Michael Fabricant Wants Tory Pact With UKIP

David Cameron should agree a pact with UKIP to offset the risk the anti-EU party poses to the Tory party, a senior Conservative has claimed.

Conservative vice chairman Michael Fabricant calls for a deal to unite "warring brothers" ahead of the 2015 general election.

He insists action has to be taken to stop the "continued haemorrhage of the Conservative vote" to UKIP, which is growing in popularity as euroscepticism deepens.

Mr Fabricant wants Mr Cameron to promise a referendum on EU membership before 2015 in return for UKIP not standing against Tory candidates.

In a report titled "The Pact", he says: "The United Kingdom Independence Party is now a significant contributory factor in costing the Conservative Party victories in marginal seats.

"It is time to consider actively whether a rapprochement might be possible before the 2015 general election.

"The basis of any deal is clear: A referendum on the United Kingdom's future membership of the European Union."

The MP for Lichfield, who oversees Tory campaigning on the ground, highlights a recent poll which showed 15% of Tories would consider voting UKIP.

He claims the party cost the Conservatives between 20 and 40 votes in the 2010 general election - an amount that could have delivered an outright majority.

Mr Fabricant insists in his report, which he is passing to the Prime Minister, that the offer of an electoral pact "would not be a sign of weakness".

"It would be a pragmatic extension of existing philosophy from a party of Government. Moreover, this could mark the final rapprochement between warring brothers," he wrote.

He also told Sky News on Monday: "There is not going to be any discussion for a good 24 months yet with UKIP, but I do think there needs to be a discussion in the Conservative Party."

Asked what the Prime Minister had made of his intervention, he added: "I hope that he will simply consider it and look at that as part of a number of different strategies that he will be considering."

UKIP leader Nigel Farage has previously indicated that he was open to a deal with the Tories, but that it had to be iron-clad.

"If we were offered a deal that made it easier to push open a door marked 'independence for the United Kingdom', of course we'd consider it," he said.

"But I wouldn't even contemplate doing a deal, even if it gave the party an advantage, unless we first had written in blood I think an absolute promise that we would have a proper referendum on our relationship with the EU."

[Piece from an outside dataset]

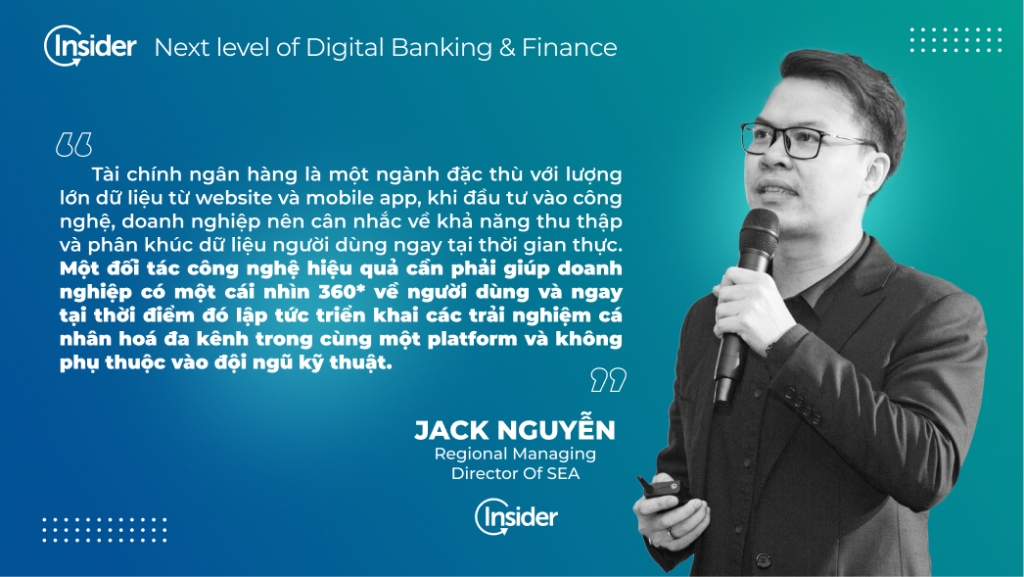 “Việc Số hoá ngành ngân hàng là điều tối quan trọng đối với các ngân hàng và tổ chức tài chính. Khi mà người dùng ngày càng đòi hỏi cao hơn về dịch vụ và cách họ trải nghiệm, tiếp xúc với các dịch vụ ngân hàng từ offline lên online. Do đó việc chuyển đổi ngân hàng thành một công ty công nghệ, cung cấp dịch vụ ngân hàng và cả phi ngân hàng nhanh chóng là một cơ hội bứt phá lên vị trí dẫn đầu nhằm đáp ứng xu thế về dịch vụ mọi lúc, mọi nơi, không rào cản, nhanh chóng của khách hàng và xã hội. Insider rất hân hạnh được đồng hành cùng với các ngân hàng hàng đầu Việt Nam như VPBank, MBBank, Techcombank… trong quá trình Số hoá ngành ngân hàng” – anh Jack Nguyễn – Regional Managing Director of SEA Insider chia sẻ.

But he told Sky News that he could not agree anything with Mr Cameron as Tory leader because of his claim several years ago that UKIP was a party of "closet racists".

He also insisted that he could not be bought off with the offer of a ministerial position.

Writing on Twitter, he added: "Cameron's comments over the Rotherham case mean a deal's simply not possible."

This refers to the controversy over children being removed from foster parents in the South Yorkshire town because of their UKIP membership.

Mr Cameron has indicated he is prepared to hold a referendum on the EU but is against a straight in/out question, despite increasing pressure from hard line Tories.

He has received a boost from Mayor of London Boris Johnson, who has now spoken out against holding a referendum on whether the UK should stay in the union.

Mr Johnson suggested it would be right to go ask the people about a new treaty but said he could not see why an in/out referendum now "would be necessary".

A Conservative Party spokesman said: "Michael Fabricant does a great job campaigning in by-elections but he doesn't speak for the party on this issue.

"The safest way to protect Britain's interest in Europe is to vote Conservative. That's why we'll have Conservative candidates in every seat at the next election."